句動詞だけを取り上げて整理した辞書も、英語学習者向けにあちこちの出版社から発売されている。初期に出版された辞書は、熟語動詞とか二語動詞という題名になっているようだ。句動詞という呼び名は、比較的最近になって定着した用語なのかも知れない。

句動詞の典型的なものとしては、give up(やめる、あきらめる)や put on(身につける) などがある。前者は熟語的なもので、give の意味と up の意味を単純に足し合わせても give up の意味は分からない。後者は、体の上(または表面)に置くということだと思えば、あたらずといえども遠からずである。服を着るという行為だけではなく、眼鏡をかけたり名札を身につけたりするのにも put on を使う。

熟語として特別な意味を持っている句動詞もあるが、かなりのものは、それを構成している単語それぞれの意味から、全体としての意味が推測できる。

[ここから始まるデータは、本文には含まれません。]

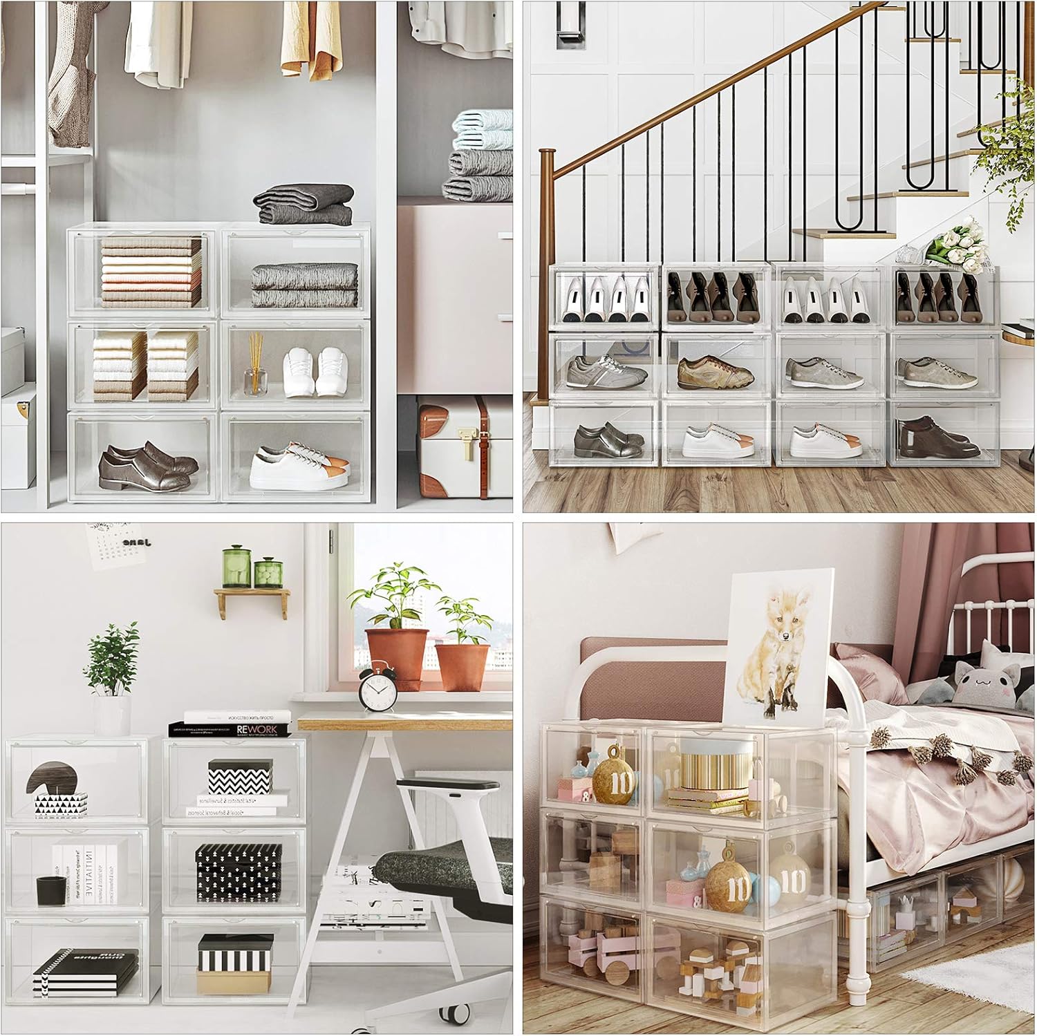 Das 6er-Set SONGMICS Schuhboxen LSP06CW bietet grosszügige, transparente Aufbewahrungsboxen für Schuhe bis Grösse 46 – stapelbar, stabil und leicht zu montieren, ideal für Sneaker, Heels und Stiefeletten.

「動詞+位置や方向を示す副詞」というのが基本形であり、たいていは、動詞の意味を副詞によって補足しているに過ぎない。

句動詞は別としても、中学や高校で動詞と副詞を使った英文を書いたことのある人なら(みんな経験があるはずだ)、副詞は、動詞とは離して文末に置かれる場合があることを知っているはずだ。句動詞でも、put it on のように on は目的語 it の後ろに置かれることがある。ひとかたまりの put on が特別なときだけ分離するというより、もともと副詞の on は文末に置いて構わないのだ。だから put the black hat on のように途中の名詞が長くてもよい。

念押しだが、put on の on は前置詞ではなく副詞である。辞書で on を引けば、副詞としての説明も載っている。「on という単語はいつでも前置詞のはずだ」と思い込んでいると、わけが分からなくなる。(私は、on が形容詞や副詞として使われている文章を実際に何度も見ているにも関わらず、「on は前置詞だ」と長い間思い込んでいた。)

余談ながら、put on と wear は意味が違う。これは、TOEIC のパート1(写真を見ながら説明を聞いて、正しい説明のナレーションを選ぶ問題)で、引っ掛けとしてときどき利用され、かつて私も一杯食わされたことがある。すでに何かを着用済みの場合は、wear であって put on ではない。写真に写っている光景が、何かを「着用しようとしている途中」でないなら、"the man is putting on..." などのようなナレーションはほぼ確実に間違いであり、選んではいけない(さらに手の込んだ引っ掛けがあれば話は別であるが、TOEICは、そこまで変なことはしないと思う)。

コウビルド英英辞典は、put on の説明としてこう書いている:
When you PUT ON clothing or make-up, you place it on your body in order to wear it.
つまり、「wear するために、体の上(表面)に置く」ということである。そもそも put という動作は、あるものをどこかに置くという、「1回限り」の動作を意味する動詞である。何かをずっと置きっぱなしにすることを put とは言わない。したがって、put on という句動詞も、身につけていなかった何かを身につけるという1回の動作を意味し、身につけた後にその状態であり続けるということまでは意味に含まない。

一方、put on と似た形の have on という言い方もあって、こちらは「着ている(着た状態にある)」という意味になる。これは、have が「持っている」という状態を意味する動詞であることを考えれば当然かも知れない。そして、両社に共通している on は、どちらの句動詞でも「(体の)上に、表面上に」という意味のはずである。

ある句動詞の持つ意味は、しばしば、動詞の部分よりもむしろ前置詞や副詞の部分が支配的であるため、同じ前置詞や副詞を使っている句動詞は、同義語や類義語になることがある。このため、句動詞の辞典のなかには、動詞の部分ではなく副詞の部分に注目して索引をつけているものもある。例えば、『英語句動詞文例辞典―前置詞・副詞別分類』は、そういう本である。